One size does not fit all

Now, some of the solutions I mentioned above might be perfect for some of your clients. Perhaps some companies will just prefer to disallow personal devices or personal user of corporate devices. Others may already have VDI, and so a Citrix Receiver or VMware View App would be just right for them.

However, here's what I've been brainstorming over the last several months:

1) A secure, encrypted data container that lets users run data anywhere, even on a personal device (enabling BYOD), without subjecting that data to risk or leakage.

2) A way to manage your most important assets — corporate data — and not the device.

3) Risk-free, offline access.

4) The ability to remotely wipe data from the endpoint, even if a device is lost or stolen.

5) A rich user experience.

Here's how a product like that might be used:

• Providing physicians with secure access to electronic patient records from home or from the road. Likewise for pharma companies who possess HIPAA-controlled data.

• Enabling corporate board members, contractors, and mobile workers to carry confidential data on a personal iPad without risk, even if a device is lost or stolen.

• Giving teachers access to connect to student grade portals from their iPads.

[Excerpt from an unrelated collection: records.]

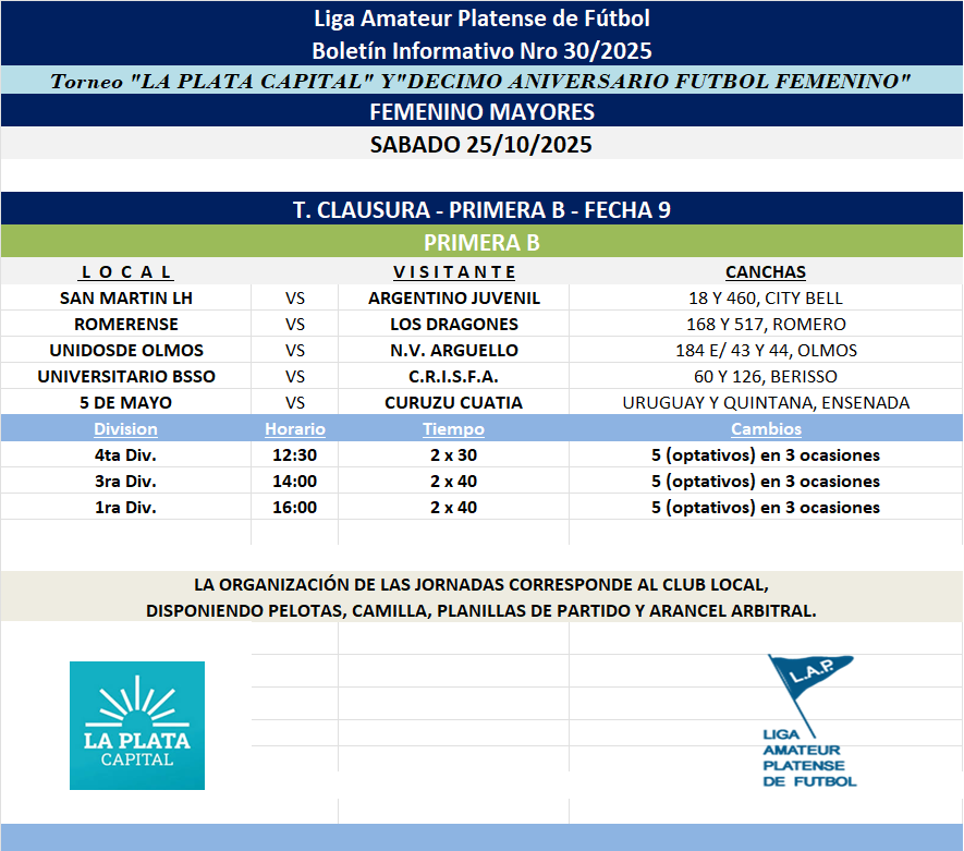 #Femenino T.CLAUSURA 2025 –- Primera B Fecha 9 – MAYORES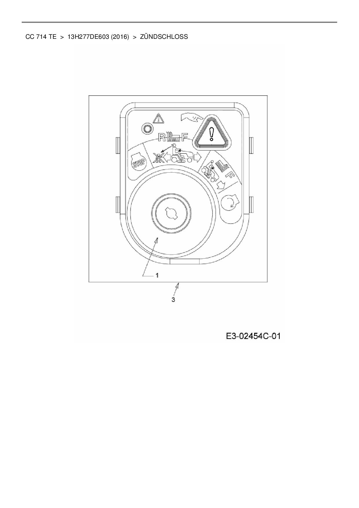 Ersatzteile für Rasentraktor Cub Cadet CC 714 TE aus der Zeichnung Zündschloss: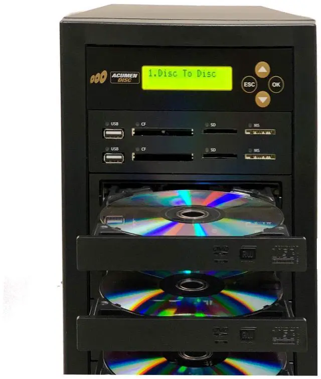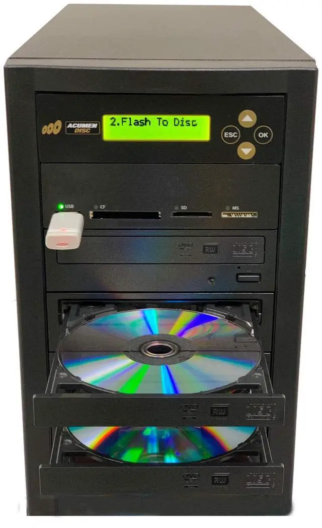 . copy any of the flash media in the unique deck of 4 different flash media memory to the same or different type of flash media in this unique one of a kind duplicator in the market. Besides being a disc to disc duplicator, you can use this complete system as an single target media duplicator to copy one USB, CF, SD or MS to the same or other type of media in the lower slot. There are 4 reader on the media deck that can be copy to the lower slot for this one to one copy media duplication (CompactFlash, Secure Digital, Memory Stick or USB at one at a time single target copy).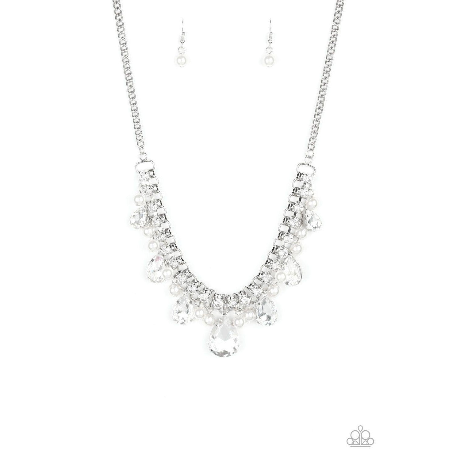 A glamorous collection of bubbly white pearls and exaggerated white teardrop gems dangle from a bold strand of white rhinestones, creating a knockout fringe below the collar. Features an adjustable clasp closure.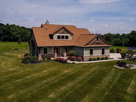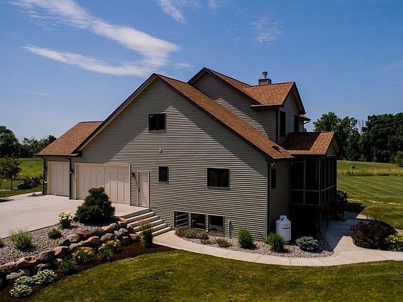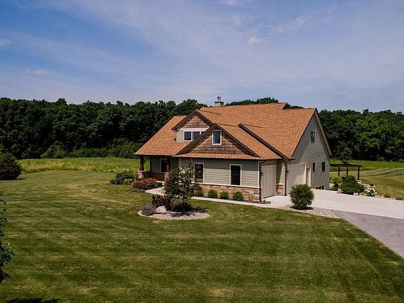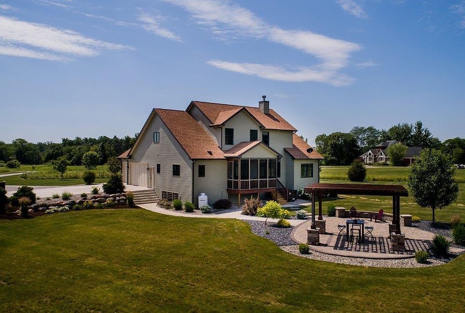 Great views of your own property encompassing prairie grass, mature woods and wildlife on 7.37 gently rolling acres in northern Allen county. Approximately 4.2 of the 7 acres is covered with beautiful prairie grass by Heartland Restoration Services who implemented a mix called Midwestern Diverse Tall Grass Mesic Prairie. There are approximately 1.5 acres of perimeter woods, along the back and side, framing and protecting the fabulous views. The 1.7 remaining acres hosts the home, the hardscape features and the lawn. The 3,824 Sq-Ft home was built by Timberlin Homes in 2015 and has 4 bedrooms, 3.5 baths and a generously sized (35x25) 3-Car Garage. The property is part of a small 4 lot development accessed from a common drive. The main floor has tall ceilings, wood floors, wood Mission style doors. Open concept kitchen, dining, living room. Kitchen has a professional 6-burner cooktop, open upper shelves, an island with a prep-sink, walk-in pantry. The dining area has wood ceiling detail and access to the screened patio. The foyer entrance is spacious and bright. The living room has a wood burning fireplace (propane ready) with a rock front and a rustic wood mantle. The master bedroom is on the main floor, it has a trey ceiling and a walk-in closet. The master bath has a vanity with a granite top and a double sink, a garden tub, a large tile shower. The daylight basement has a large recreation room, the 4th bedroom, a full bath and a wet bar. Second floor has a loft with a sitting area and built-in shelving, 2 bedrooms with large walk-in closets, a full bath and a walk-in attic. Additional features include; solar panels, closed loop geothermal heating and cooling, 2 water heaters, 2 sumps with a battery backup, water softener, gutter guards, Master Spa twilight hot tub. In addition to the lot purchase, the build cost and the cost of the well and septic, the owners have invested $80K in the landscape, patio and driveway, $7K in the prairie restoration, $40K in the solar
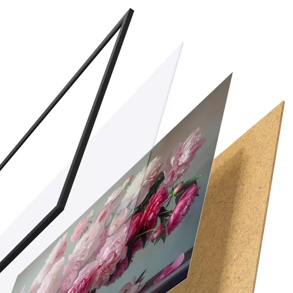 Das Poster besteht aus einem Rahmen, Plexiglas, einem gedruckten Bild und einer Rückwand aus Spanplatten. Dank der Halterungen auf der Rückseite kann das Poster sofort an die Wand gehängt werden.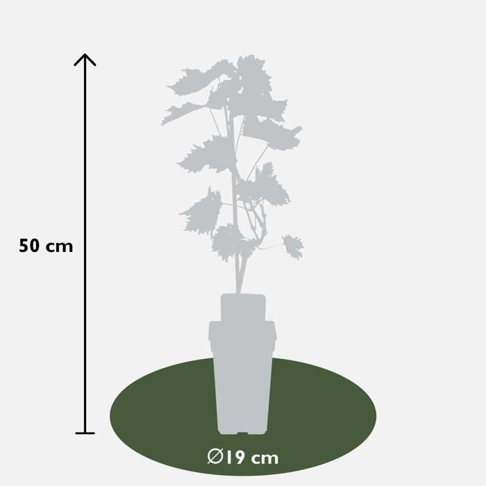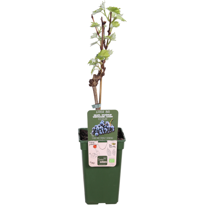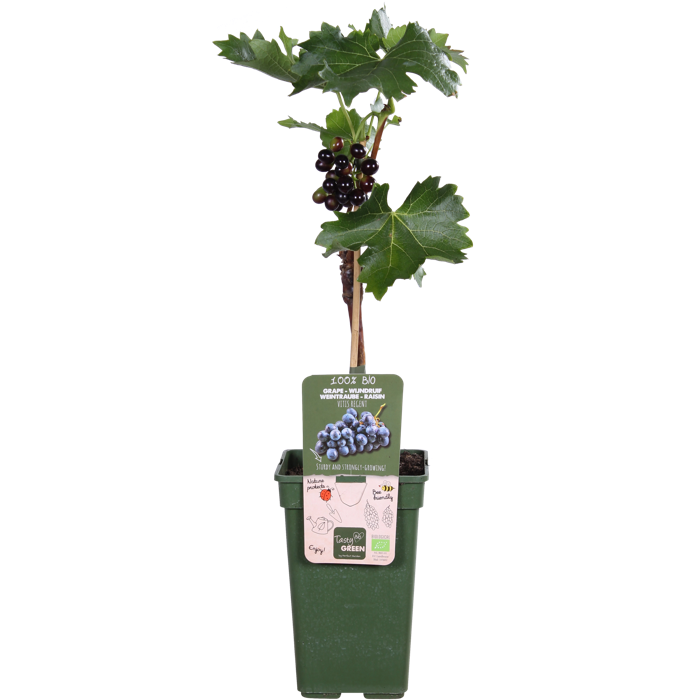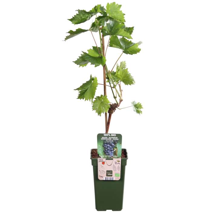 ‘Vitis Regent’ is a sweet, blue grape variety that is suitable for both consumption and wine making. Its good resistance to diseases like mildew make it very suitable for growing in your own garden. The ‘Vitis Regent’ has its origins in Germany. It is an early maturing variety and therefore also very suitable for colder climates. It is a climbing plant that can grow several metres high. You can lead it into all sorts of shapes and keep it very compact by pruning it well. You can easily lead the grape along a pergola or on a wall with tension wires. The grape first produces inconspicuous clusters of flowers in May-June, after which the grape bunches will form. The fruits are blue, with a sweet aromatic taste. You can eat them directly or use them to make jam, juice or wine. The grape plant needs plenty of sun to ripen and loves heat so a south-facing location is ideal. The grapes can be harvested from mid-September onwards. The soil should be well-drained and nutritious and preferably not too acidic, but rather calcareous. Pruning increases the fruit yield and the plant also looks neater. It is best to prune the plant in the period between November and February, but not during severe frost. Prune superfluous side and main branches. This grape variety is Hardy and can withstand temperatures up to -20 degrees.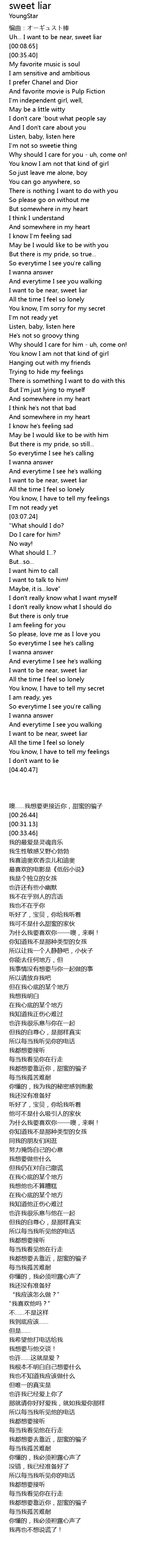 | [00:05.17] | Uh... I want to be near, sweet liar |
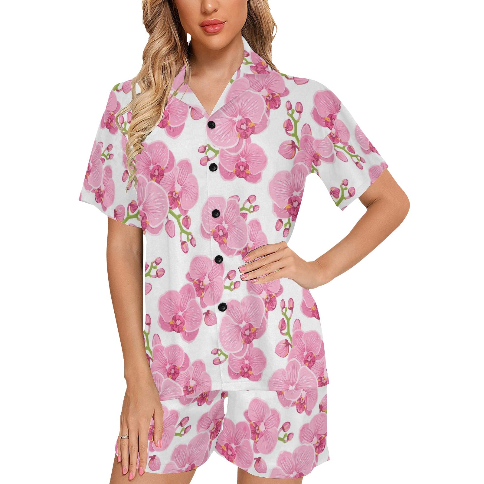 pink purple orchid pattern background Women's V-Neck Short Pajama Set
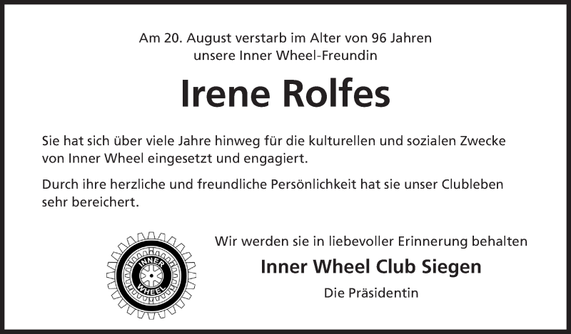 Hier finden Sie alle Traueranzeigen aus der Zeitung, die bisher für Irene Rolfes erschienen sind. Weitere Traueranzeigen, die in der Zeitung erscheinen, werden hier ebenfalls aufgelistet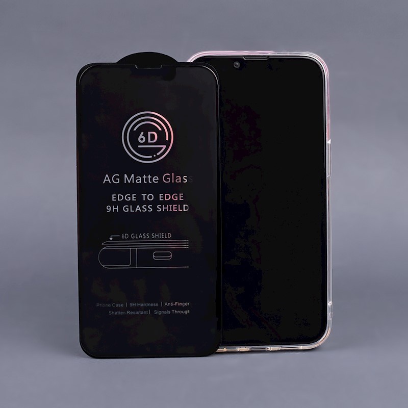 iPhone 13/13 Pro/14 Matt, 6D Full Glue teljes kijelzős edzett üvegfólia (tempered glass) 9H keménységű, matt-fekete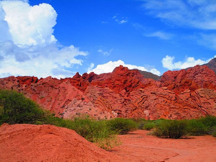 Continuamos viaje bordeando el Rio de las Conchas, apreciando las formas de las montañas compuestas por areniscas de vivos colores que sedimentaron en el período Terciario, hace unos sesenta millones de años (la Garganta del Diablo y el Anfiteatro). Regreso a la ciudad.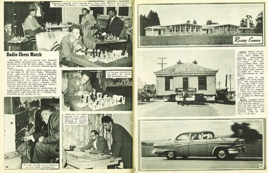 Issue No 94 April 19, 1962 - Members of the Gisborne and Tokoroa Chess Clubs recently had the novel experience of playing each other, with the use of radio, while several hundred miles apart. In Gisborne, the six local players met at the home of Mr Basil Page, Riverside Road, and settled down, with a complete board each, to the mental tussles of a game of chess. In another ...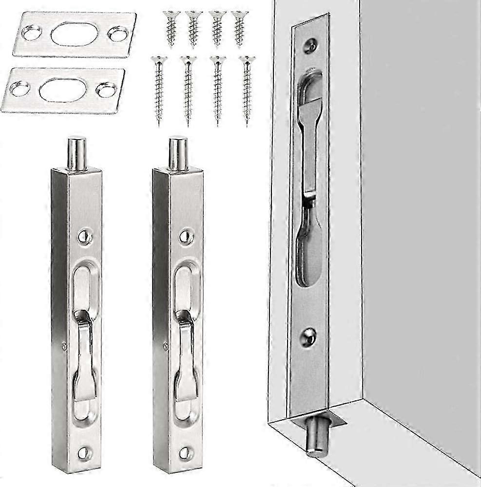 Silver Stainless Steel Concealed Slidebolt Lock - Rustproof Door Latch with Screws (15 * 1.6 * 2cm)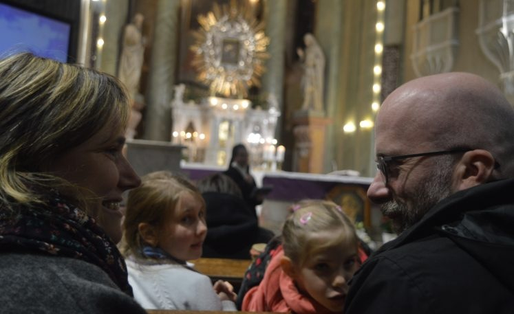 A családbarát főpásztor pedig – vagyis Pál atya, ahogy őt a házaspárok nevezik (hisz püspökké szentelése előtt is részt vett találkozóikon) – a legegyszerűbb és legszemélyesebb gondolatait osztja meg, például a párok bemutatkozójához kapcsolódva. „Fogalmam sem volt két évvel ezelőtt, amikor az akadémia kezdődött, hogy mire jelentkezek” – mondta az egyik férj. Ezt az evangéliumban felolvasott angyali üdvözlettel hozta összefüggésbe a püspök: Máriának fogalma sem volt arról, mi hogyan fog történni. De nyitott szíve volt a kegyelemre, és nem beletörődésből, sokkal inkább bizakodva mondta ki igenjét. Ugyanakkor, jobb kérdezni – ahogy Mária tette (hogyan lehetséges?) –, mint hárítva magyarázkodni, ahogyan az első emberpár.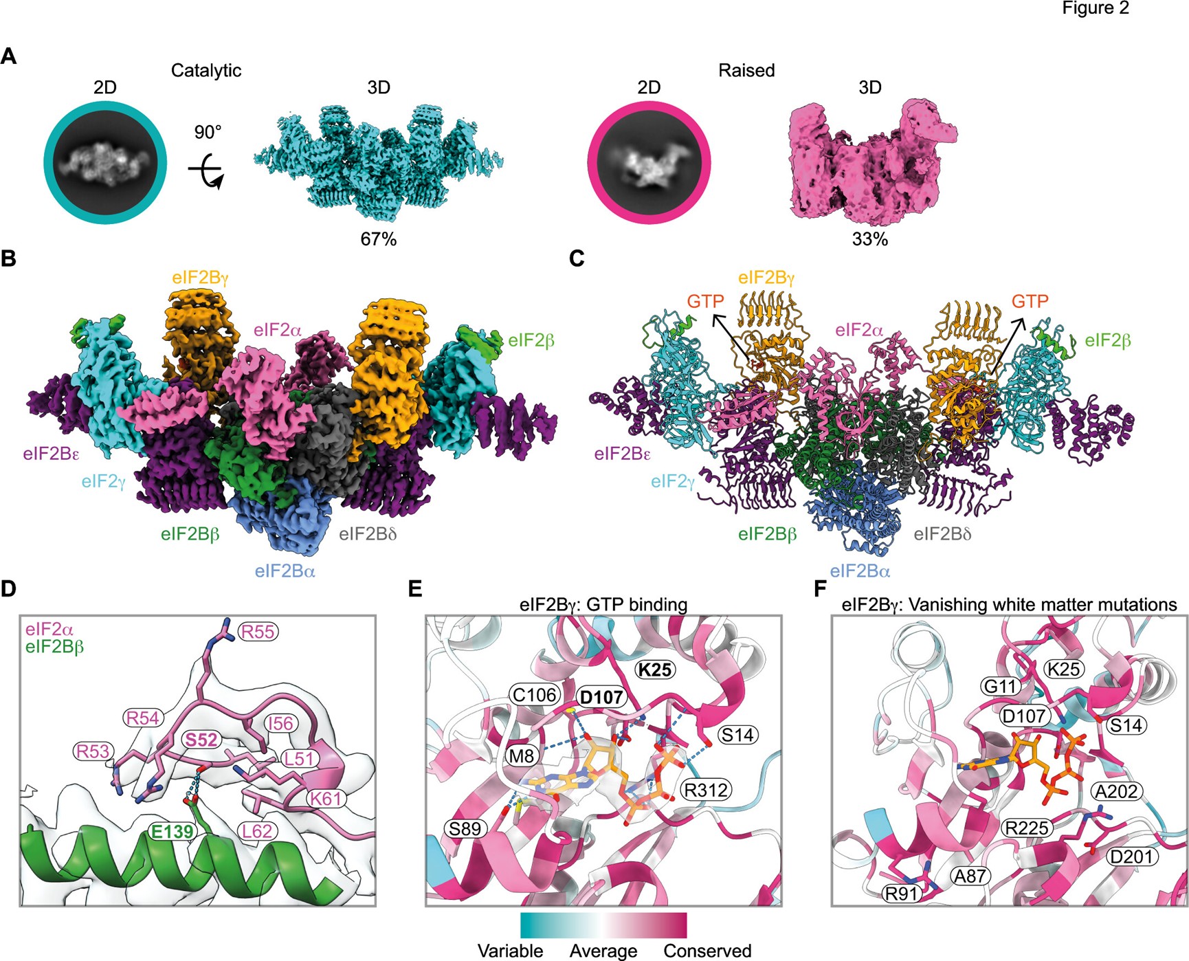 来自英国MRC的Anne Bertolotti团队发现 eIF2 磷酸酶亚基 PPP1R15A 和 PPP1R15B(R15B) 可与 P-eIF2–eIF2B 复合物共同结合。基于 R15B 结合的天然 eIF2–eIF2B 和 P-eIF2–eIF2B 冷冻电镜结构并通过生化实验验证,研究者证明了 R15B 能够促使本来无法被去磷酸化的 P-eIF2 在 eIF2B 上实现去磷酸化。这一发现阐明了 ISR 的终止机制:R15B 通过拯救 eIF2B 免受 P-eIF2 的抑制,从而维持翻译过程和细胞适应性。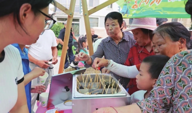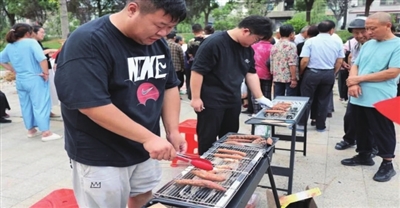 烧烤区更是热闹非凡,参与游戏的群众可以凭现场互动获得的抽奖券进行抽奖兑换,现烤的高邮大虾、滚烫的农家红薯,丰收的气息扑面而来。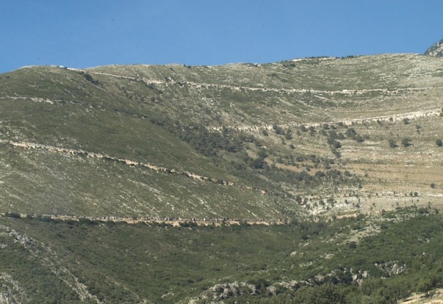 The highest point (top left) where the road goes over the ridge was not the highest point. This mountain was a low spur leading to the highest point at around 2000 metres above sea level. Imagine doing this crossing in winter with a blanket of snow covering the ground.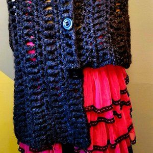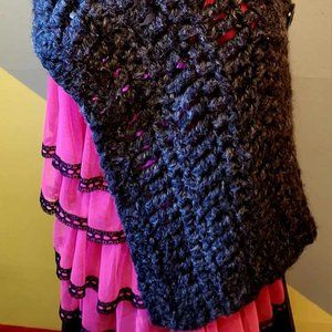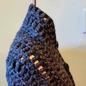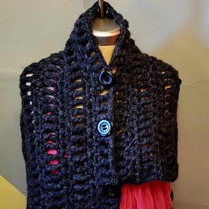 This gorgeous cozy capelet, hand-knitted crochet in an extra chunky and warm wool blend. The color is a dark charcoal grey. The feeling is soft and wonderfully warm to snuggle up with. The look is rustic boho chic. Wrap up in this bulky capelet and you'll not want to take it off!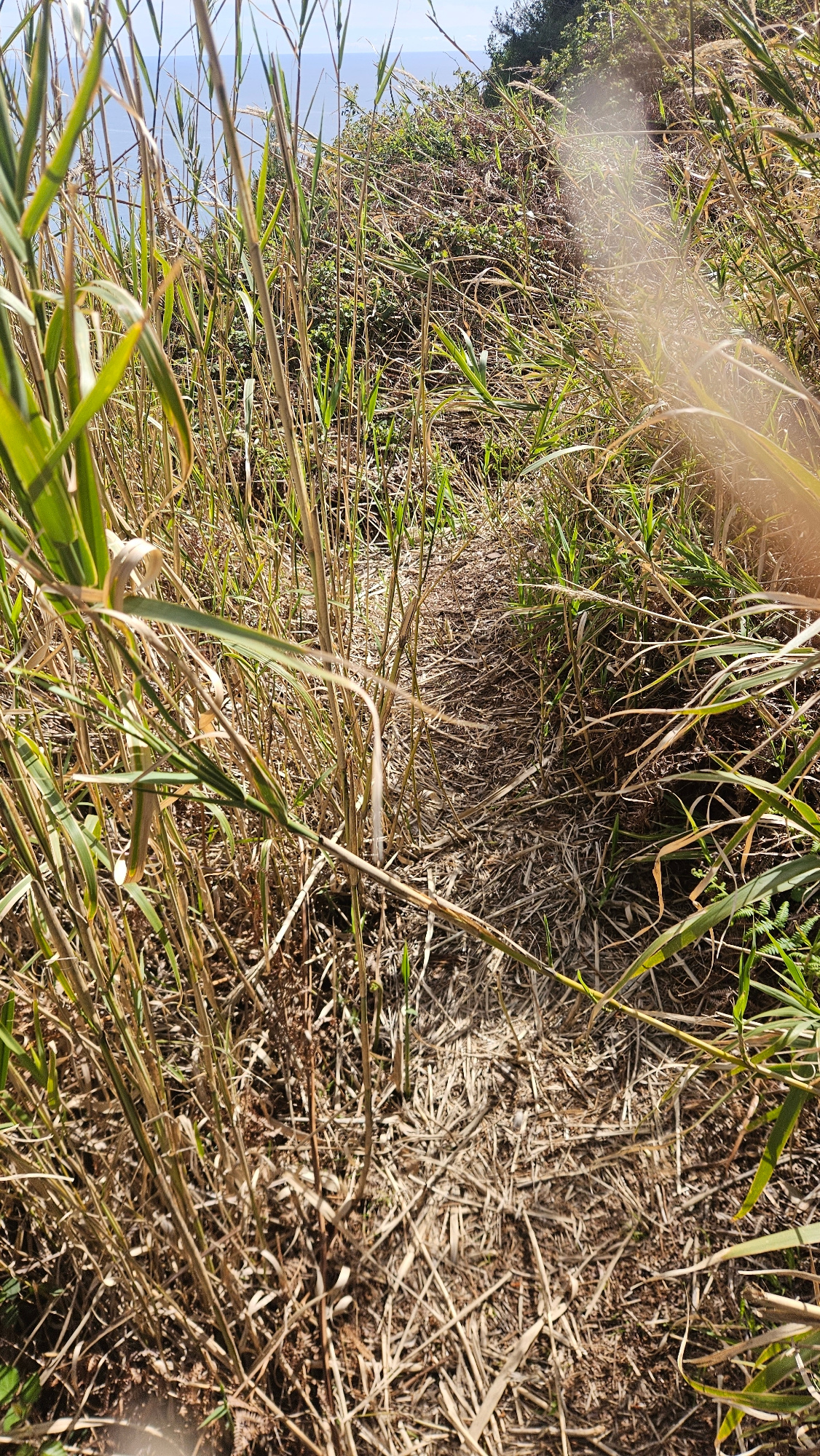 The scene depicts a ground-level view of overgrown vegetation, likely in a natural or semi-natural setting. A mixture of green and brown grasses and plants cover the ground. The ground appears dry, wi…read more

• Allowing mobile professionals a way to get access to corporate file shares, network resources, or from public or private cloud storage.

As you research solutions to your clients' problems, keep those tenets in mind. We all want to provide solutions. But it is only the most thoughtful and methodological solutions providers who make the right decisions, giving customers both what they want and what they need (whether they know they need it or not).